BEGIN DATASET SECTION

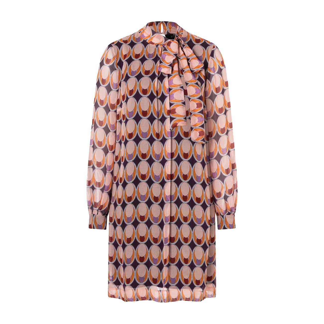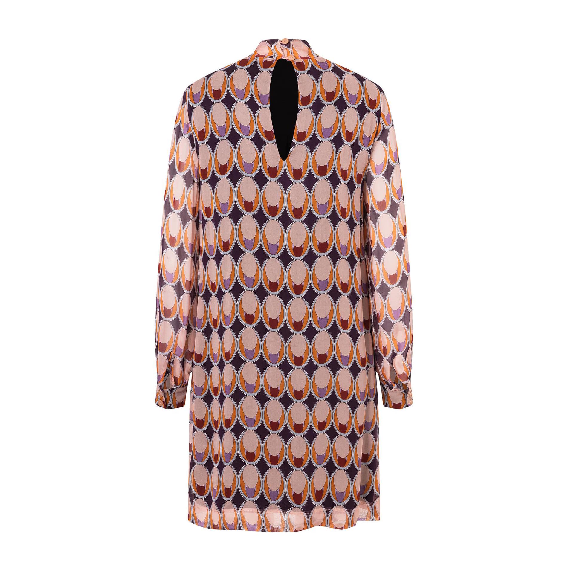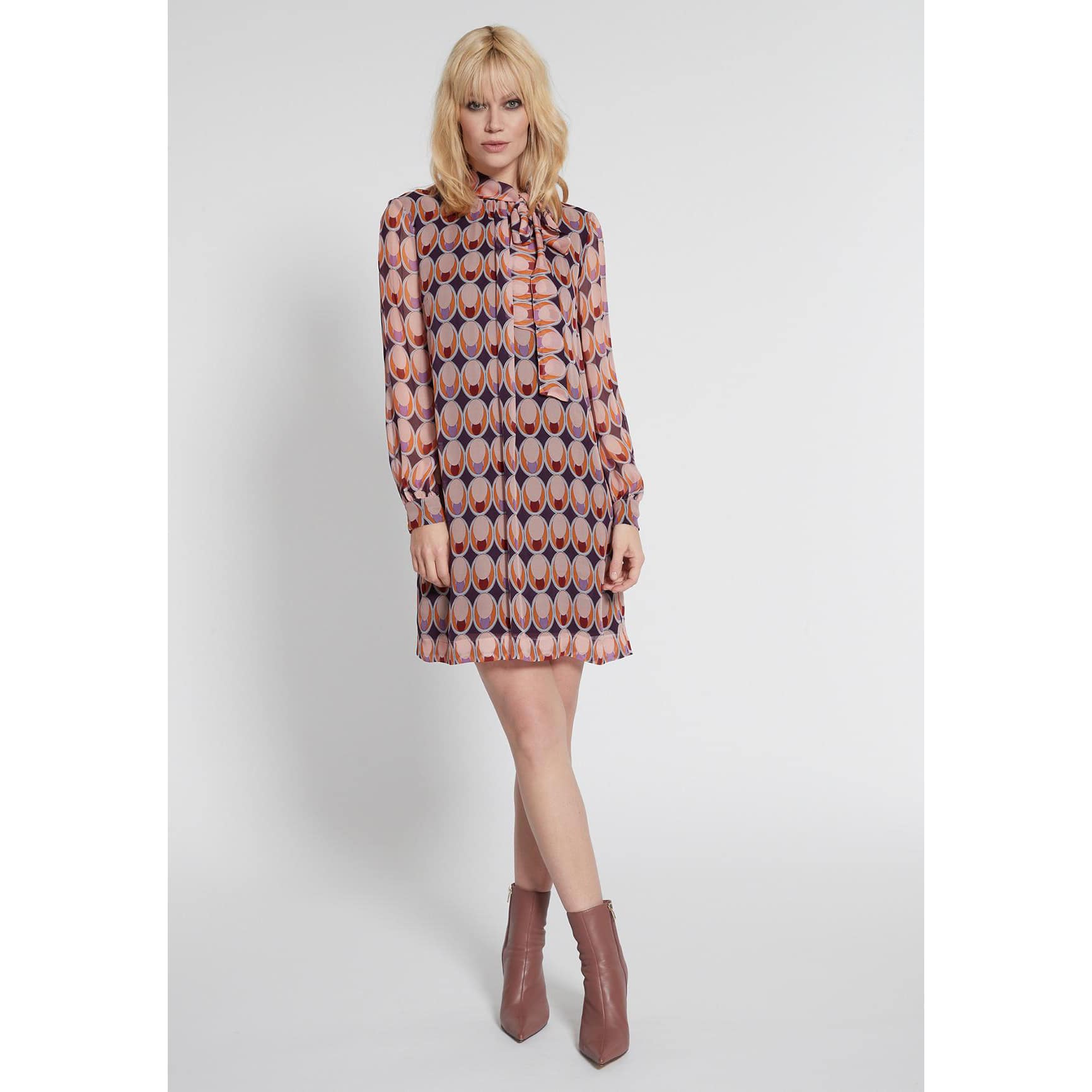Kort kleedje van Ana Alcazar, model Hagra. Deze gevoerde jurk is gemaakt van chiffon met een roze ovalen motief en heeft een rechtvallende A-lijn pasvorm. De jurk sluit met twee knoopjes in de hals met daaronder een keyhole en heeft een elegante strik op de schouder.
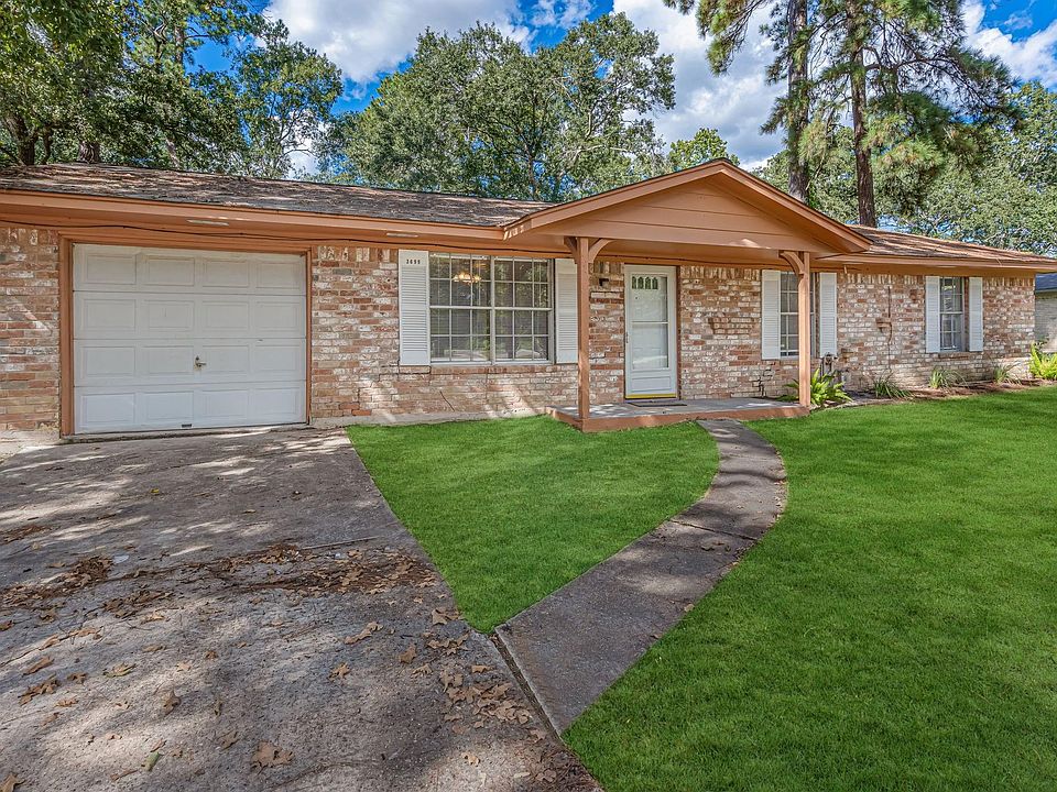 NO CARPET. Nestled in the peaceful and serene subdivision of Piney Point in Conroe, this lovely 3 bedroom, 2 bath home is ready for move in! Beautiful laminate flooring throughout! All new Kitchen countertops and fresh paint throughout the interior of the home. Bath also has new tub with surround and new vanity. Beautiful back yard for entertaining family and friends. Mirror will be added soon. Some work still in process. Room dimensions estimated, please verify if important to you. Schedule your showing today!
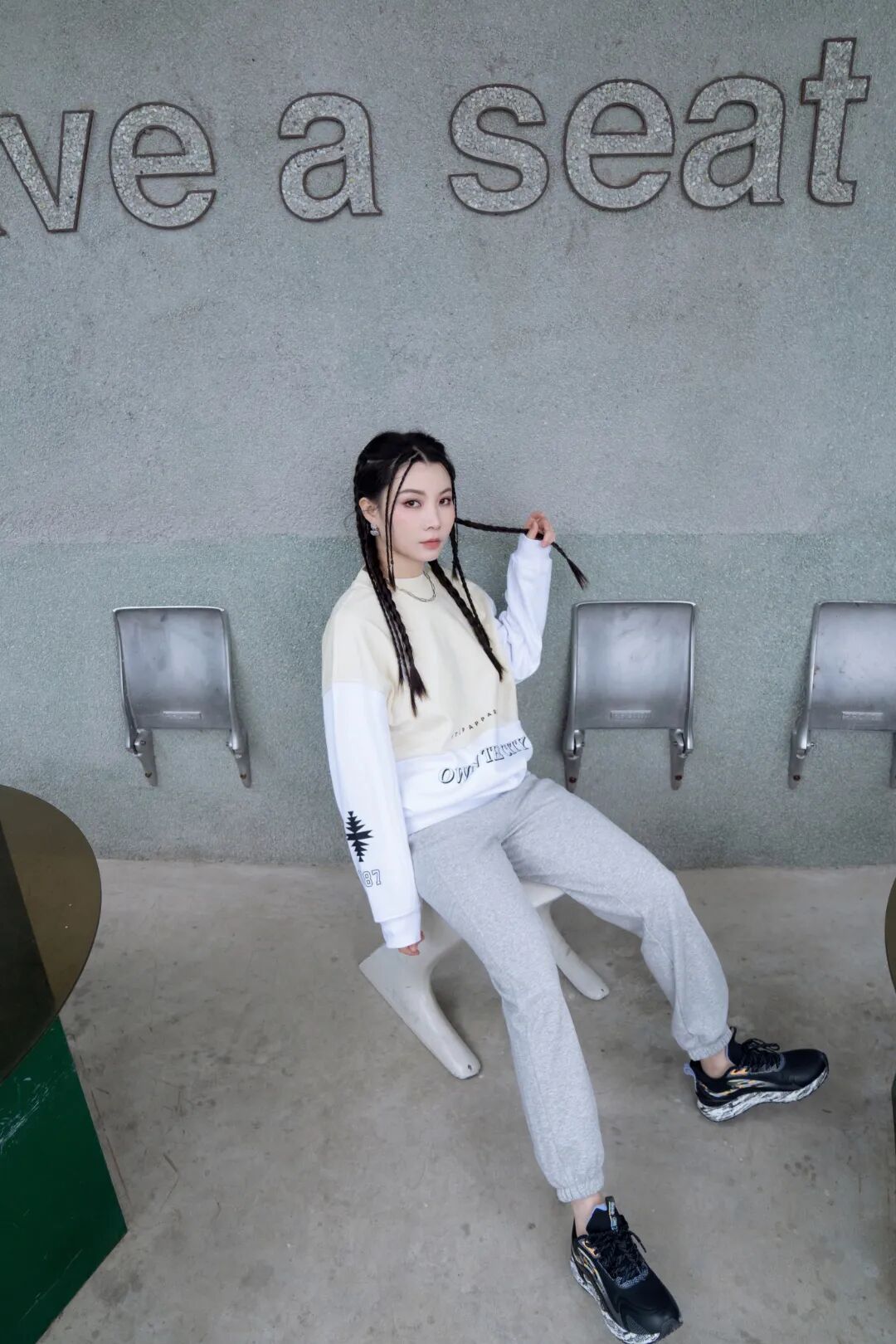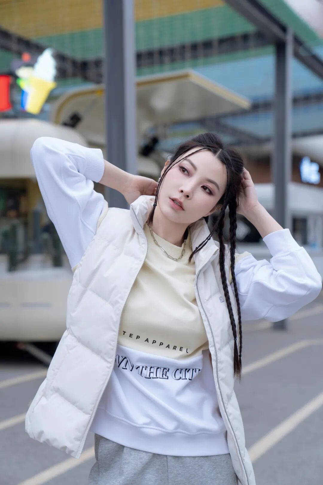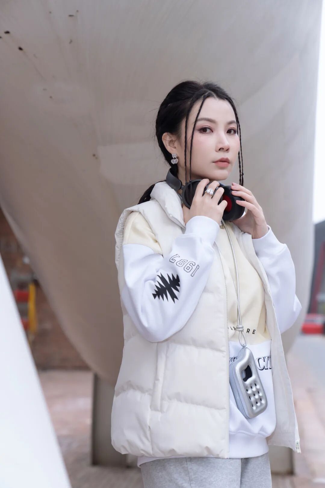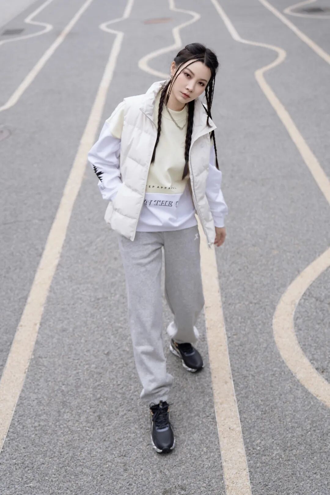 搭配灰色卫裤,都是低饱和色系,甜酷皆可。马甲卫衣,时髦保暖同时不影响运动时做动作。

END DATASET SECTION

WHAT IS REQUIRED
Omit the pictures and give the material again, exactly and in full.

RESULT OF THIS EXERCISE
Kort kleedje van Ana Alcazar, model Hagra. Deze gevoerde jurk is gemaakt van chiffon met een roze ovalen motief en heeft een rechtvallende A-lijn pasvorm. De jurk sluit met twee knoopjes in de hals met daaronder een keyhole en heeft een elegante strik op de schouder.
 NO CARPET. Nestled in the peaceful and serene subdivision of Piney Point in Conroe, this lovely 3 bedroom, 2 bath home is ready for move in! Beautiful laminate flooring throughout! All new Kitchen countertops and fresh paint throughout the interior of the home. Bath also has new tub with surround and new vanity. Beautiful back yard for entertaining family and friends. Mirror will be added soon. Some work still in process. Room dimensions estimated, please verify if important to you. Schedule your showing today!
 搭配灰色卫裤,都是低饱和色系,甜酷皆可。马甲卫衣,时髦保暖同时不影响运动时做动作。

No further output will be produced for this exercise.